9 réponses à “Aviation : nouvelles normes environnementales

  1. C’est une bonne chose que les moteurs d’avions soient de plus en plus économiques et donc polluent de moins en moins. Mais en tant qu’expert de l’aviation j’aimerais bien que vous protestiez contre l’hystérie actuelle qui veut faire de l’aviation le bouc émissaire de tout.

    On voudrait empêcher les gens de prendre l’avion en surtaxant de manière ridicule les billets d’avion et en imposant des taxes de toutes sortes aux compagnies d’aviation. C’est absurde et ça n’est certainement pas comme ça qu’on va lutter contre le réchauffement climatique (si tant est qu’il existe et qu’il est dû à l’action humaine ce qui est loin d’être certain).

    Voyager en avion, pour beaucoup de gens comme moi, est une nécessité professionnelle vitale. Étant indépendant j’ai besoin de prix bas pour les tickets d’avions autrement je ne peux pas m’en sortir. Donc cette campagne hystérique ne profitera qu’aux hommes d’affaires multimillionaires qui peuvent payer n’importe quel prix pour voyager en première classe et ne doivent pas calculer leur budget.

    Yenamarre !!!!

  2. Est-ce un blog ou de la relation publique payante?
    Il est bien entendu encourageant que les avionneurs améliorent le rendement et la propreté de leurs avions.
    Mais si le nombre de vols est multiplié par 3 parce que c’est bon marché le résultat est mauvais.
    Les gens doivent se poser la question du bon sens d’un voyage en avion pour 2-3 jours. Si c’est pour découvrir une culture, un musée ou juste pour boire 3 bières.
    Vous le savez comme moi que le biokérosène est une foutaise écologique sans nom (destruction de forêt vierge pour de l’huile de palme à Bornéo par exemple)

    1. @OLivier,

      Si l’aviation devient quasi propre, les voyages mêmes de courte distance ne seront plus un problème. Si vous aviez pris la peine de lire les articles précédents, lorsque j’évoque le bio-kérosène, il s’agit de production à base de déchets ménager, d’huile de friture et de compost. Plus rien à voir avec les premiers essais, qui vous avez raisons, étaient scandaleux puisqu’ils détruisaient les forêts ou poussaient à une reconversion de l’agriculture.

      1. Merci Pascal, je vais vous répondre ici.
        Le bio-carburant est du pur greenwashing, les rejets sont les mêmes sauf qu’il n’y a pas extraction de matière première. Un plus, mais pas de quoi fouetter le CO2 et autres saloperies beaucoup moins connues (méthane, poussières radio-actives, bcp d’énergie électrique, etc).

        Suis d’accord avec mon homonyme Olivier, il ne s’agit pas d’interdire les voyages en avion, mais d’éviter les trajets funny, pour se changer ses idées de blues à grand coup de shopping/beers.

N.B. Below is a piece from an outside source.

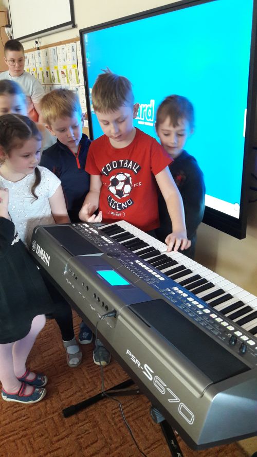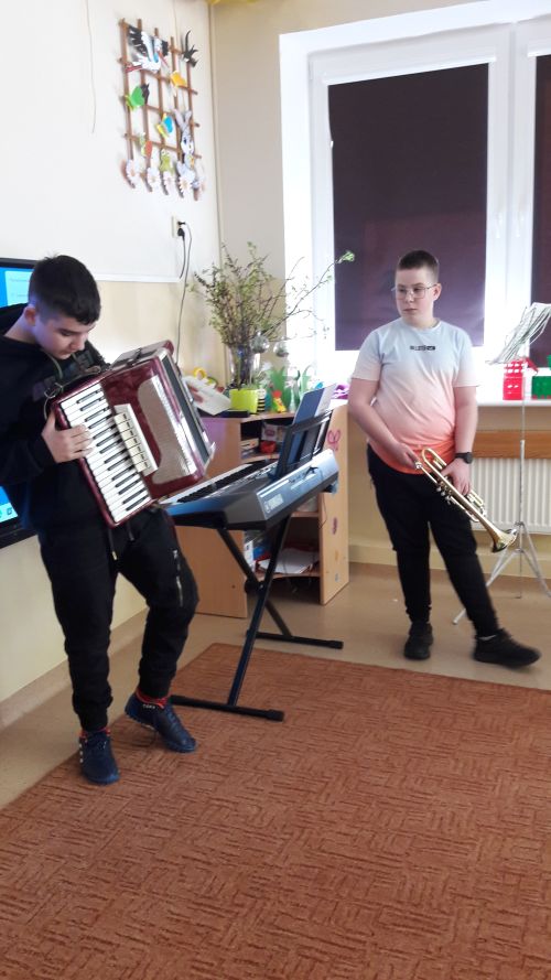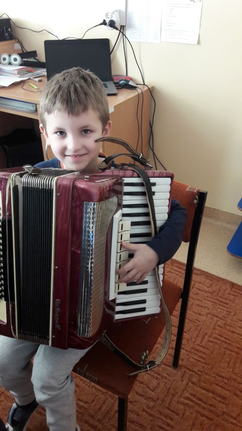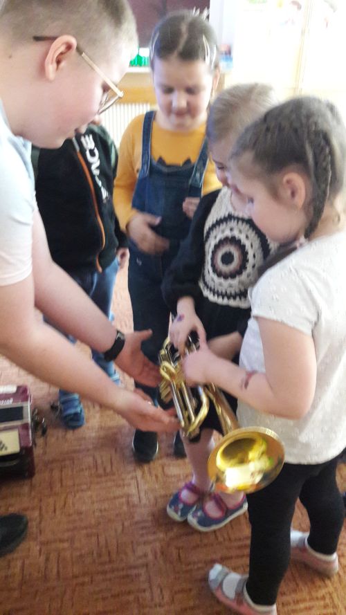 W czwartek przedszkolaki gościły muzykujących kolegów z ósmej klasy: Nikodema Kuświka oraz Piotra Pudysa. Chłopcy zaprezentowali dzieciom swoje instrumenty: trąbkę, akordeon oraz keyboard.

        Quant à l’entrepreneur qui pleure déjà sur une augmentation des billets, il doit d’urgence changer son business Plan, car si entre un billet à 50.- ou 300-, son entreprise est en jeu! 🙂

        1. @ M. Olivier Wilhem

          Le besoin de se déplacer rapidement concerne aussi le monde des affaires. Vous ne pouvez pas demander aux personnes actives, qui participent au développement économique, de prendre une retraite anticipée pour aller mener une vie humble et stationnaire à l’écart de la civilisation…

          1. Comme type actif, forcé à l’inactivité, j’accepte humblement votre réponse, cher Dominic 🙂

            P.S. on se connait?

  3. Oui, la pollution invisible est souvent la plus dangereuse et le Co2 n’est que la pointe de l’iceberg.
    Mais, fonctionnant à l’hydrogène, un réacteur serait-il possible?
    (et même si l’hydrogène coûte cher à produire et impossible 100% vert)

    1. @Olivier Wilheim,

      Il a eu une réflexion au début des années 1990 chez les avionneurs sur l’éventualité de faire voler des avions à l’hydrogène. Sur le fond, l’étude a été positive, mais a démontré qu’il faudrait un volume de réservoirs bien trop important par rapport à la charge transportée.

  4. Merci pour toute ces informations que vous publier sur les actions du monde de l’aviation. Enfin, l’occasion de se faire une véritable idée de ce qui se fait et ce qui doit encore l’être. Je suis par ailleurs très étonnée de voir que les gens qui parle de climat, de biocarburant en sont encore aux premiers essais et n’ont pas encore comprit que le compost permet de faire le chose correctement.